Simply run it on a DRIVE with SF3324-100 and you should see the issue.
Example screenshot: https://i.vgy.me/Ip5rnh.png

Hi raul.tambre,
I was able to reproduce the issue you are raising.

to summarize the issue: you are facing some unexpected behavior of the api dwImageTransformation_copy

we are checking it internally and will update here ASAP on the conclusion.

While we are checking this, you might consider using render engine tiles for your purpose of displaying 2 or more images in parallel (look at render engine sample)


Dear raul.tambre,
Please check the following to confirm if it is a CUDA stream synchronization issue.

  1. Add cudaStreamSynchronize(stitcher_stream) after dwImageTransformation_copy() function and see if it helps.
  2. If above does not help, remove using separate CUDA stream for imageTransformation handle

Let us know the update.

  1. Doesn't help.

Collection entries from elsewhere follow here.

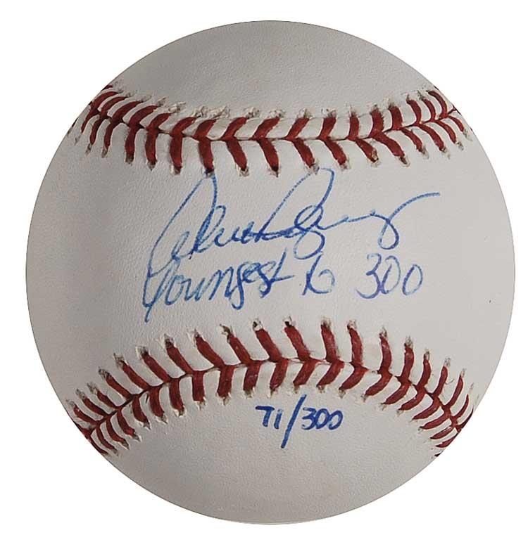 Official limited edition Rawlings Major League baseball, #71/300, signed in blue ballpoint on the sweet spot, “Alex Rodriguez, Youngest to 300.” In fine condition. Pre-certified Steve Grad/PSA/DNA and RRAuction COA.
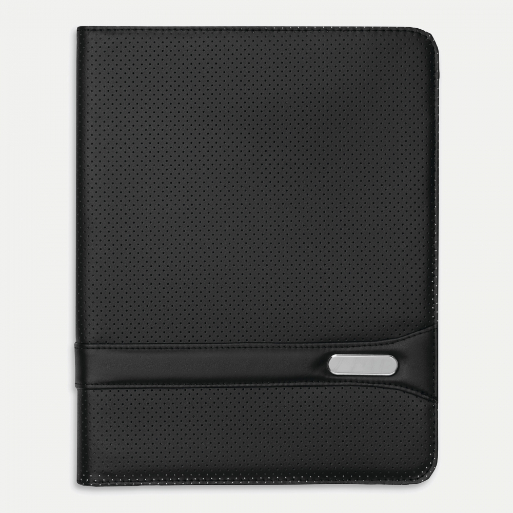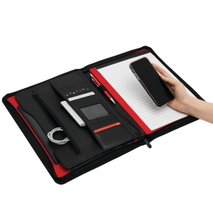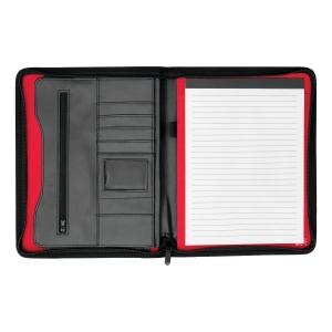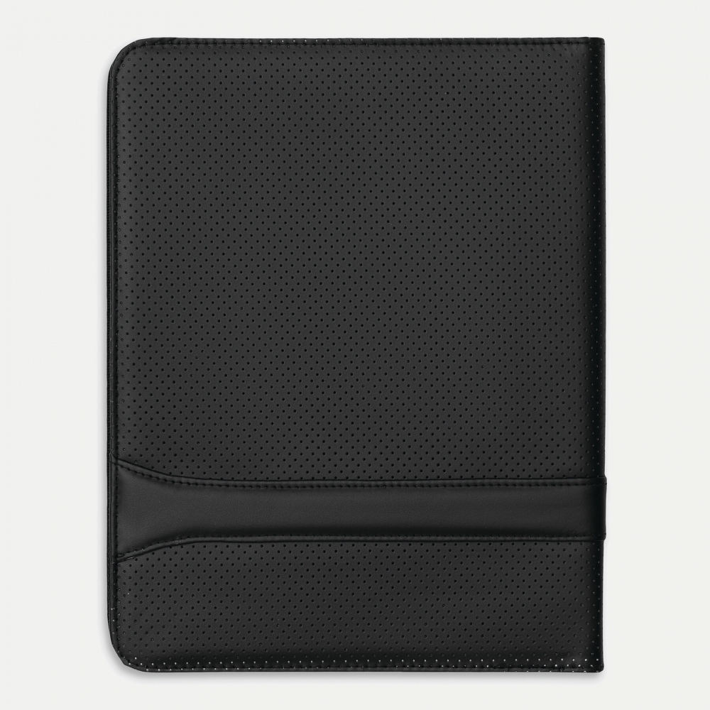 Artikel-Nr: INP56-1103230Portfolio MANHATTAN im DIN-A4-Format: umlaufender Reißverschluss, innen diverse Einsteckfächer, 1 Klarsichtfach, Reißverschluss-Innenfach, inkl. Schreibblock (liniert), Schlaufe für 1 Schreibgerät – außen mit gestanzter Loch-Optik mit Metallplättchen für Ihre Werbeanbringung
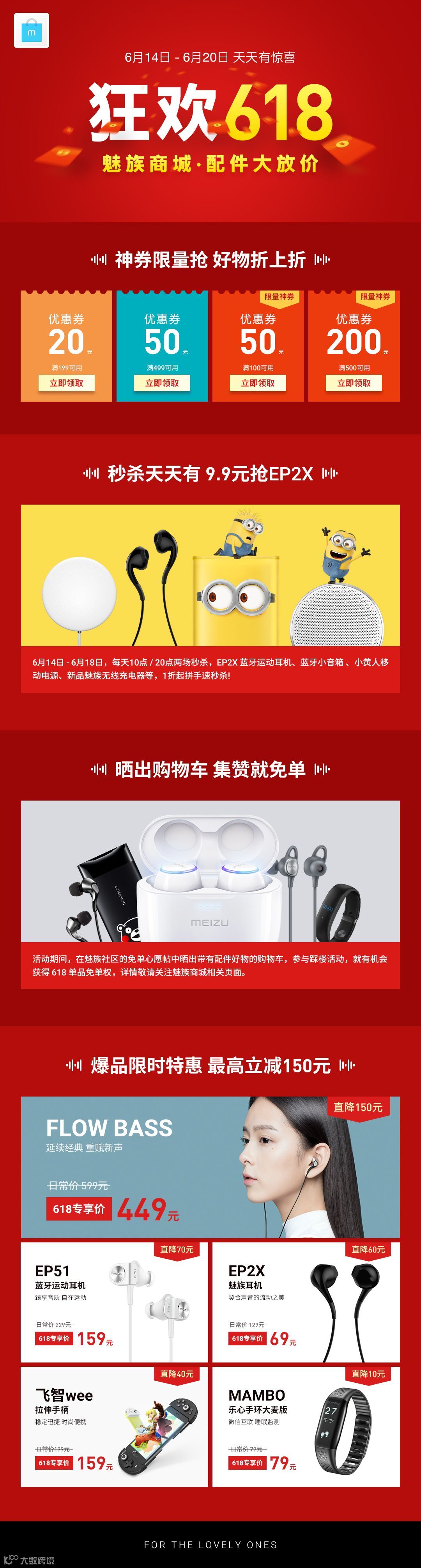 魅族商城6 月 14 日 - 20 日,登录魅族商城,天天有惊喜。神券限量发放,最高可抵 200 元;秒杀天天有,9.9 元抢 EP2X;FLOW BASS 限时特惠,直降 150 元;参与魅族社区踩楼活动,还有机会获得配件单品免单权。更多福利惊喜,尽在 魅族商城 2018 年中盛典。

Nothing changed.
  2. Doesn't help either. Nothing changed.

Let me know if you’d like me to trying anything else to aid the investigation.

Render engine seems to be intended for visualizations that end up being displayed on the DRIVE. That isn’t my end goal.
I think there are a few easier workarounds I could try, but I’d prefer to use dwImageTransformation with a fix for this issue.

Hi raul.tambre,

Unfortunately, It seems we have a bug on the API dwImageTransformation_copy.

we will be working on getting it solved for the next release version of DW.

at the meantime, if you have a possible workaround, than I suggest you do that.

we’ll update when this will be solved.


Dear raul.tambre,
FYI, We have fixed this issue and it is available in next DRIVE SW release.


Great to hear!
Any idea as to when the next release might be?

Dear raul.tambre,
We will update you once the release schedule is fixed.